In this workbook page (fromStructural Arithmetic Book I) children learn to write the symbol 8 and to study the quantity for which it stands and the place it comes in the sequence of even numbers.

Even Numbers

Temple Ary with second graders at Harlem Success Academy in New York City, using the Pattern Boards to teach odd and even. When the units are displayed on the 10 grid, it is much easier to see the pattern of the single units in the odd and even numbers. The Structural Arithmetic program introduces numbers and their patterns in different ways so that children get a thorough understanding. Here the numbers are broken up into single units. In the counting board they are represented in a length model.



The 10-Box can be used to teach and reinforce the sequence of numbers by building a staircase from 1 to 10. This tool can also be used to teach addition, subtraction and problem solving within 10. Additionally, students use the 10-box to practice their combinations of 10 through activities and games.

Learning the Combinations that Make 10- Finding Missing Addends

Students learn to find the missing addend in combinations of 10. The teacher places a block in the 10-box and asks the child to find the block that goes with it to be as big as 10.

From Experimenting with Numbers.


Recording Addition Facts

In this workbook page, children are asked to write the missing addend in the blanks. They draw on their knowledge of the blocks which went together in the 10-box.

From Structural Arithmetic Book I.

Number Box 1 to 10

These Number Boxes for numbers 1-10 model the concept of hierarchical inclusion as well as the fact-families for each number up to 10. Early on, students can be challenged to put the blocks in order, using size relationships to create the “staircase” for each number without the scaffolding provided by the Counting Board. Children are encouraged to verbalize their thinking. They realize that the number 5 is made up of smaller numbers 1-4 (hierarchical inclusion) and that there are many ways to make each number. Children discover that only even numbers can be represented by two of the same size block (doubles facts).
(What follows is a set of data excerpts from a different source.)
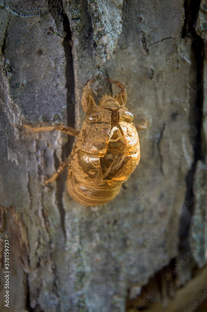 Discarded cicada shell left empty on tree bark, in Pennsylvania, PA, USA
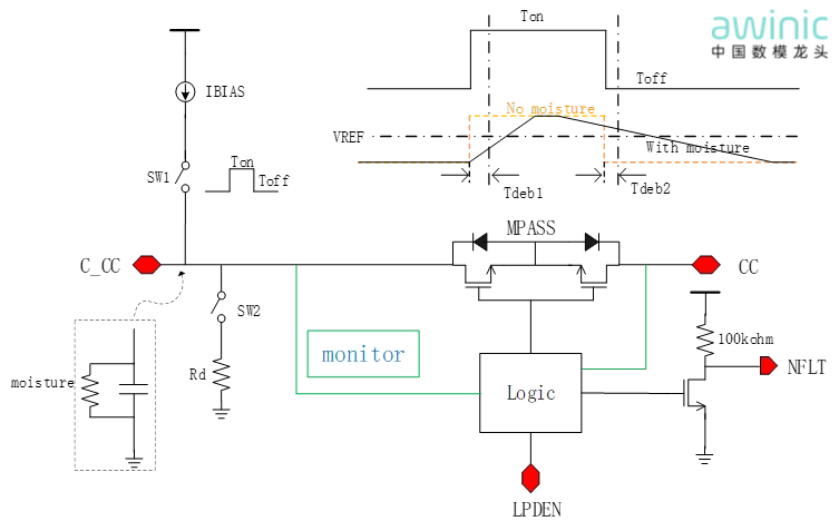 Awinic's PD PHY series chips feature a patent-protected hardware moisture detection circuit integrated into the toggle process. The principle is explained in conjunction with the diagram below: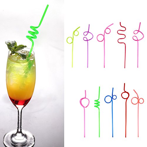 10Pcs Colorful Drinking Straws Crazy Curly Loop Plastic Straw For Birthday Party Bar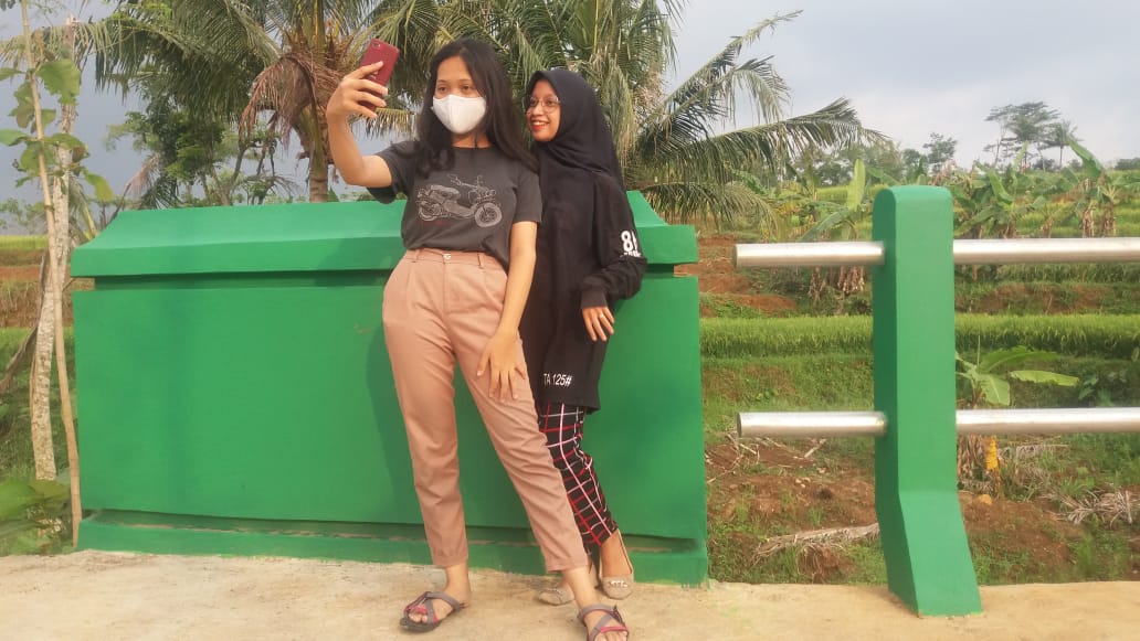 Salah satu pemudi, yakni Rani dan Ita warga Dusun Sonosari Desa Jatiwarno, mereka berdua lagi foto shelfi dengan bigron jembatan Dusun Trugo Desa Jatiwarno. Mereka bangga akses jalan pertanian dan jembatan yang ada di wilayah dusunya sudah di bangun oleh TNI.

The Number Boxes are used to teach:

  • Sequencing
  • Hierarchical inclusion
  • Fact families for the numbers up to 10
  • The relationship between addition and subtraction
  • Fact fluency within 10
  • Problem solving with addition and subtraction within 10

Discovering all the combinations to make a number

Children discover that there are many ways to make a number and all the patterns in those combinations: each block appears twice, providing a visual presentation of the associative principle (“turn-around” facts), and the inverse relationship between the two addends (one staircase goes up while the other side goes down).

From Experimenting with Numbers.

Equation Template

The Equation Template allows young children to translate into symbolic form what they are discovering about the combinations of numbers. They become acquainted with the meaning of the symbols and the structure of an equation. Equivalence is simultaneously represented in its concrete and abstract forms.